En el otro, la alimentación es a 12V, por lo tanto hay un sólo relay y una sola salida de parlante con su respectivo fusible. Saludos C


----------



## Neodymio

Hice el PCB, si a alguien le interesa puede tomarlo y decirme si ven algún error de diseño ya que le hice pequeños cambios al Autorouting del Livewire


----------



## Neodymio

Neodymio dijo:


> Hice el PCB, si a alguien le interesa puede tomarlo y decirme si ven algún error de diseño ya que le hice pequeños cambios al Autorouting del Livewire



PD: recien veo el PDF de Crimson, está mejor el de él porque tiene menos pistas y son más fáciles de planchar.
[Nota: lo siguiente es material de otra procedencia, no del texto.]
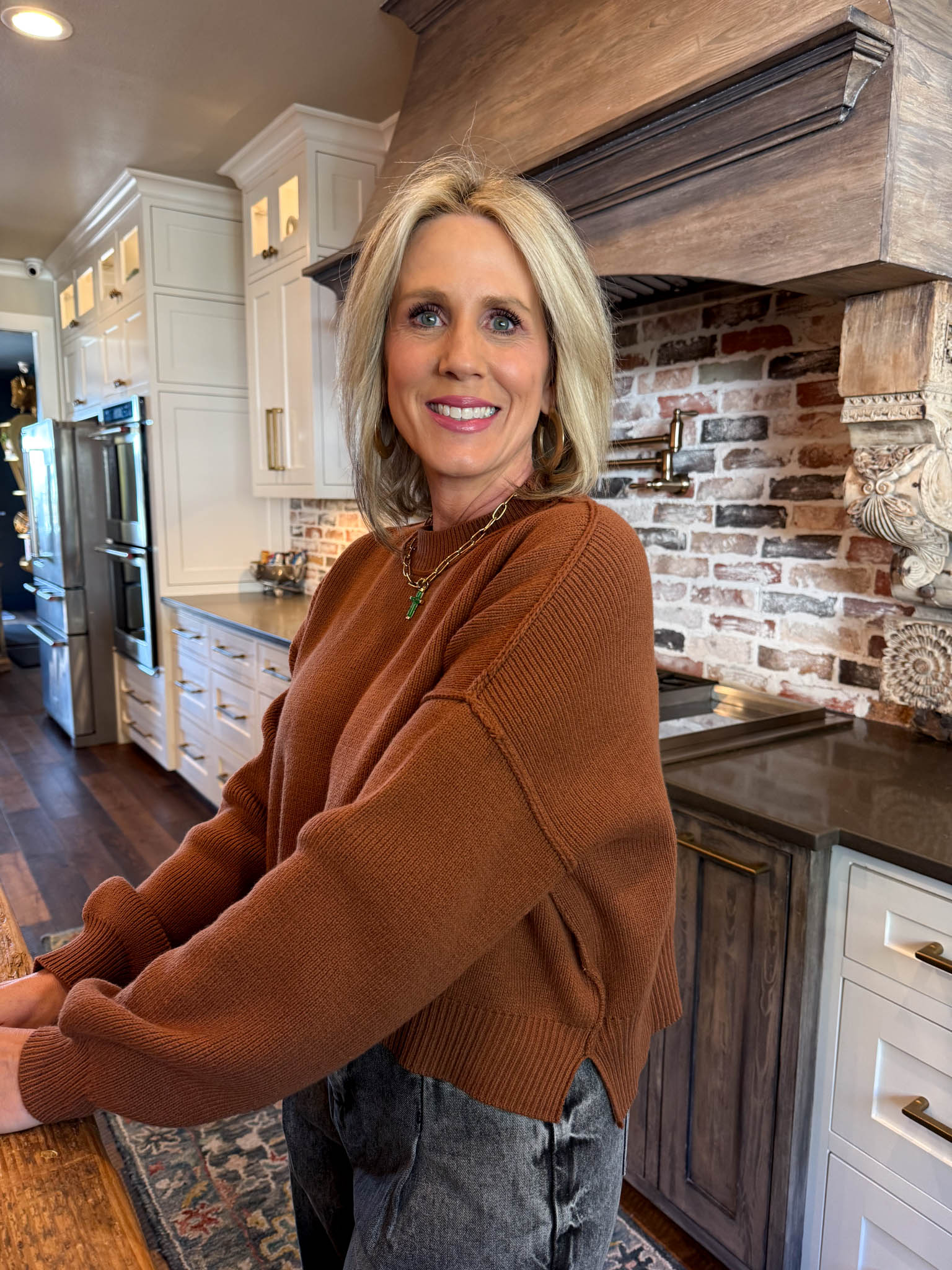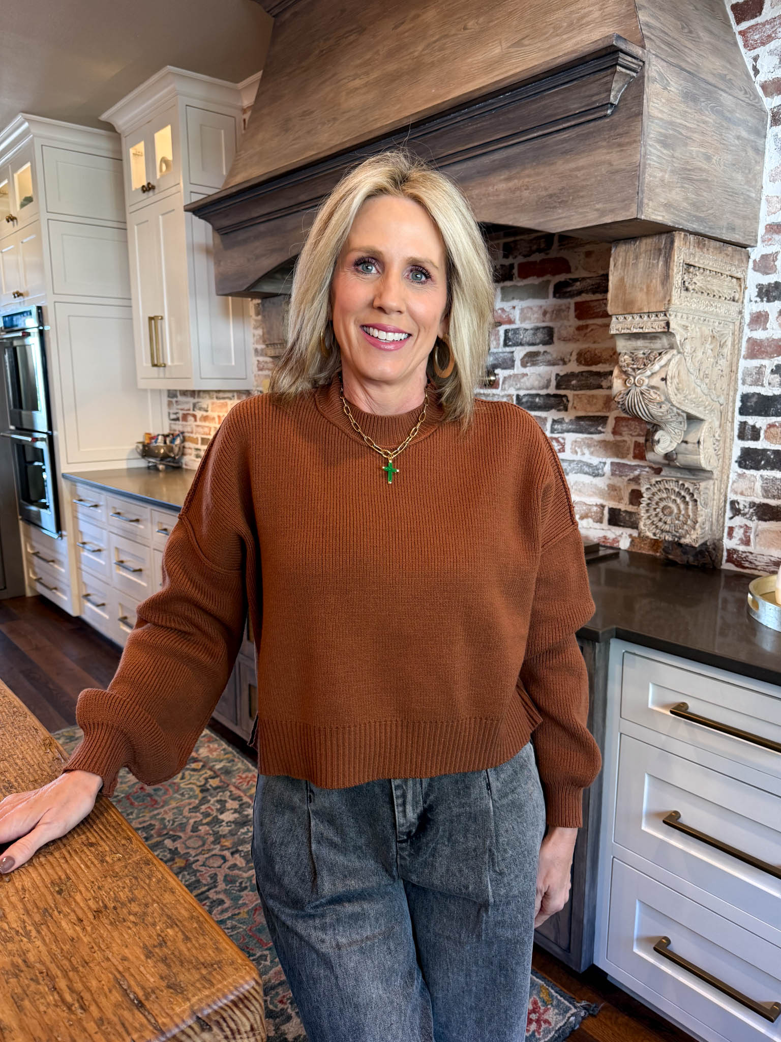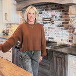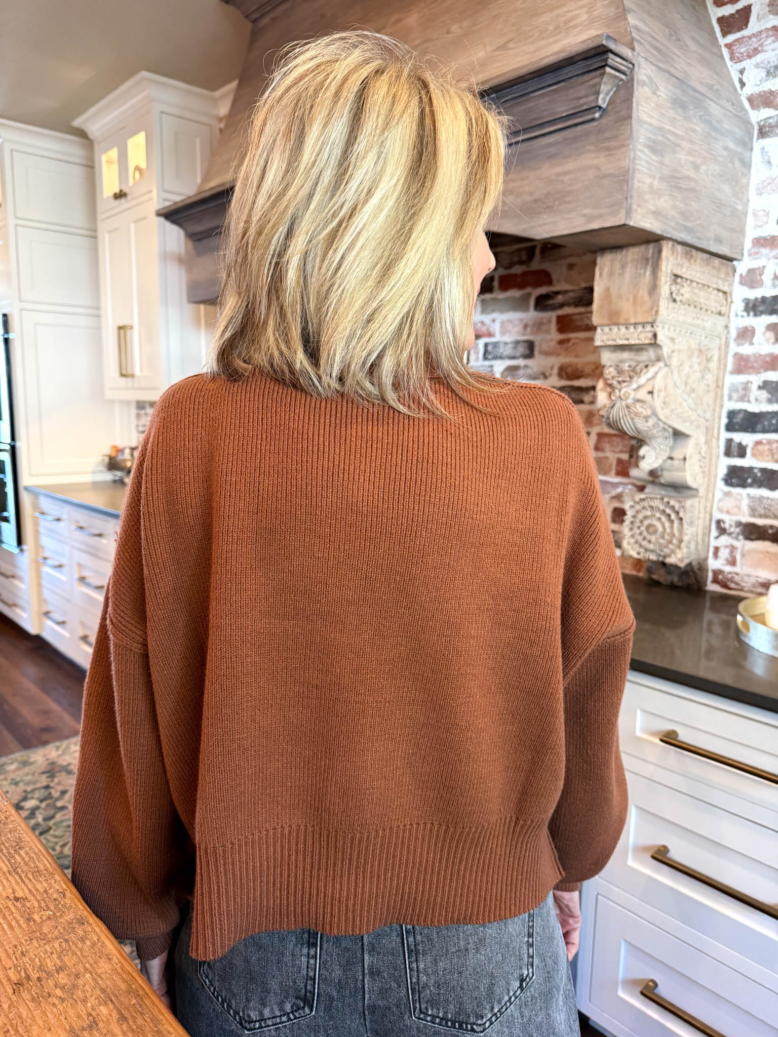 Cozy up in this rust-colored cropped jumper with relaxed drop shoulders that's basically a hug you can wear on repeat.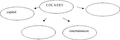 When people think of a foreign country they picture in their minds different things. What do you usually think of when you think of a country? 1) Make a list of things. Compare your list with your partner's. 2) Complete the Word Web.

Crimson en tu pcb por qué la entrada de 12 Vca tiene 2 diodos 1n4007? y el 1n4148 que alimenta la resistencia de 150k es más grande que los otros 4148 que están en puente, es un error del PCB o del esquemático y es 4007??

Creo que hay que hacer un pequeño cambio o agregado, la tension alterna de 12v entra y se rectifica por lo tanto hay 16vcc cuando le entran al relé, habría que agregarle una resistencia de valor x para llevar la tensión a 12vcc y no sobrecargarlo. En mi caso uso 150 ohms.


----------



## crimson

Hola Neodymio, es que en la placa hay un diodo de más, por si rectifico onda completa. No tuve problemas con la poca tensión de más, los relay aguantan lo más bien, aparte está la caída de tensión del Darlington cuando está saturado. Saludos C


----------



## Cacho

Neodymio, este otro tiene sus ventajas (no usa fuente auxiliar) y anda muy bien (doy fe ).
La contra es que es más complejo que el de Crimson.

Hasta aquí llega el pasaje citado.